Tue Sep 21 02:19:48 EDT 2010

* Alf P. Steinbach /Usenet, on 21.09.2010 01:09:
> * Astley Le Jasper, on 20.09.2010 23:42:
>> I have a list of tuples that indicate a relationship, ie a is related
>> to b, b is related to c etc etc. What I want to do is cluster these
>> relationships into groups. An item will only be associated with a
>> single cluster.
>>
>> Before I started, I wondered if there was any particular tool within
>> Python I should be looking at.
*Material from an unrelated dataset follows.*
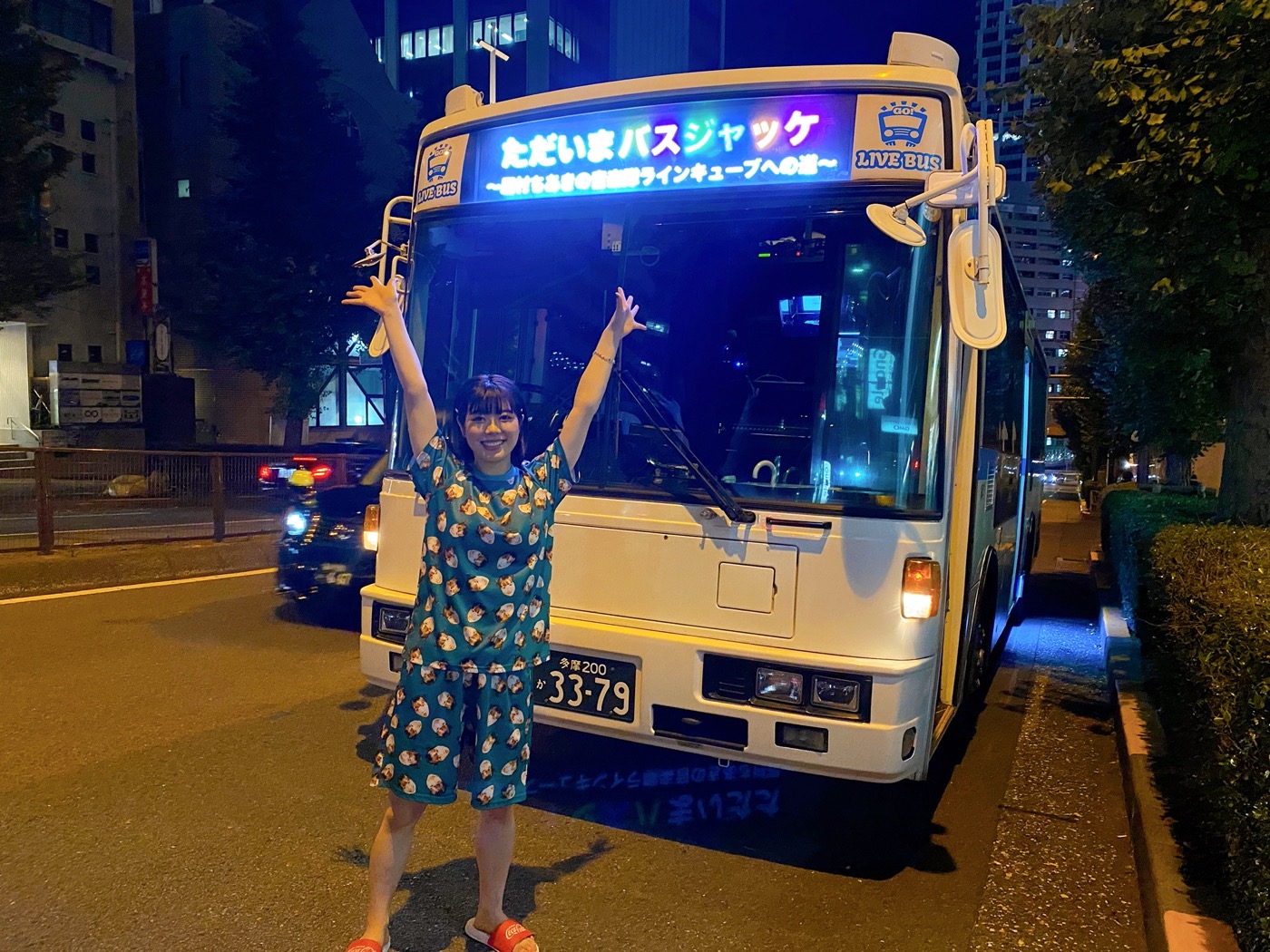 夢の中で作ったのだという「秘密の恋」、“嫌なことがあってもお肉を食べれば元気になるんじゃない?”というメッセージが込められた「肉食え」――2つの新曲は「バンドでやったらかっこいいだろうなあ」と言っていたが、バンド編成でのワンマンライブへの期待を高めてくれた。また “LINE CUBEでやりそうランキング1位の曲”だという「悪役」は、LINE CUBEの前をまさに通り過ぎるタイミングで披露された。そしてラストに「ピッコロ虫」が届けられて、バスジャッケ1部は今度こそ本当に終了。「バイバーイ!」と笑顔を輝かせた彼女は、マユムラーの大きな拍手で見送られていた。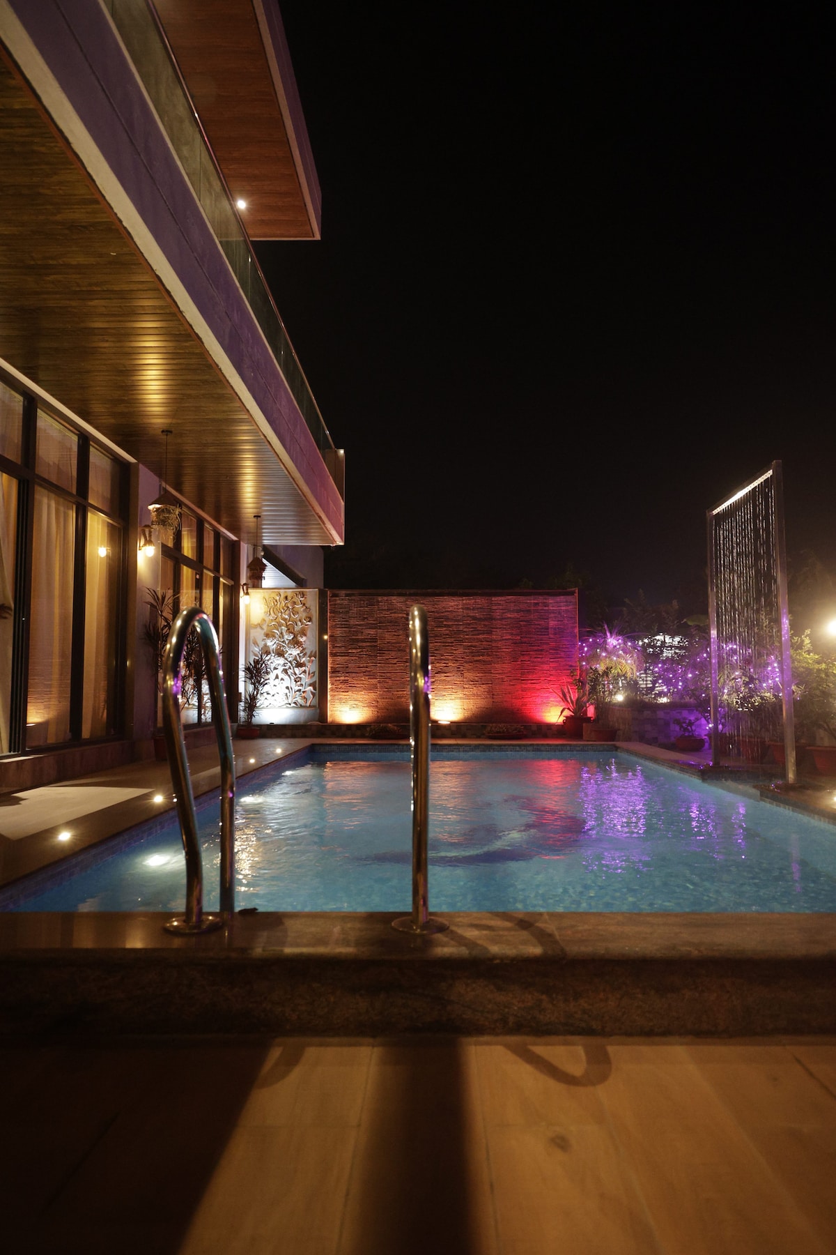 This beautiful one-bedroom Wooden House , made of Imported Canadian pine, located near the airport on VIP Road in Raipur, the capital of Chhattisgarh, offers the experience of being in Canada or Switzerland. It boasts a magnificent swimming pool and party lawn. This beautiful Wooden House near the city makes you feel far from the city.

I don't expect anyone to code this for
>> me, just say ... "you need to look at using x". I was going to use
>> populate a dictionary and
>>
>> Sorry for being so vague.
>>
>> Example Data:
>> [(a,b)
>> (a,c)
>> (a,d)
>> (b,c)
>> (b,d)
>> (c,d)
>> (e,f)
>> (e,g)
>> (f,g)	
>> (h,i)]
>>
>> Output (grouping id, item ref)
>> (1,a),
>> (1,b),
>> (1,c),
>> (1,d),
>> (2,e),
>> (2,f),
>> (2,g),
>> (3,h),
>> (3,i)
>
> It seems to be the same problem as "equivalence sets".
>
> This problem was solved early on because e.g. Fortran compilers had to construct
> such sets (equivalence partitions of a set).
>
> I though I'd just say "Google it!", because I know there's a standard algorithm
> but I can't recall the name. However, googling it I found no mention of that
> algorithm. Not even in the Wikipedia articles on equivalence sets.
>
> A number of approaches spring to mind:
>
> Approach 1:
> Multi-pass. Originally you assign a distinct set number to each symbol.
> In each pass through the symbols you replace one number with another as
> per one of the equivalence specs. Stop when no replacements are done.
>
> Approach 2:
> Merging. For each new equivalence A=B you check whether A has been assigned
> to a set, if not you create a new one, call that S1, and ditto for B, S2.
> Merge S1 and S2, e.g. move all elements of S2 to S1.
>
> Approach 3:
> In a first pass convert the data to more explicit form, linking each symbol
> to the symbols it's directly equivalent to. Then in second pass simply drag
> out each equivalence group (recurse on each symbol's list of equivalences).
>
> Approaches 1 and 2 seem to be pretty inefficient for a large number of symbols,
> but I think approach 1 may be a practical option for a small number of symbols.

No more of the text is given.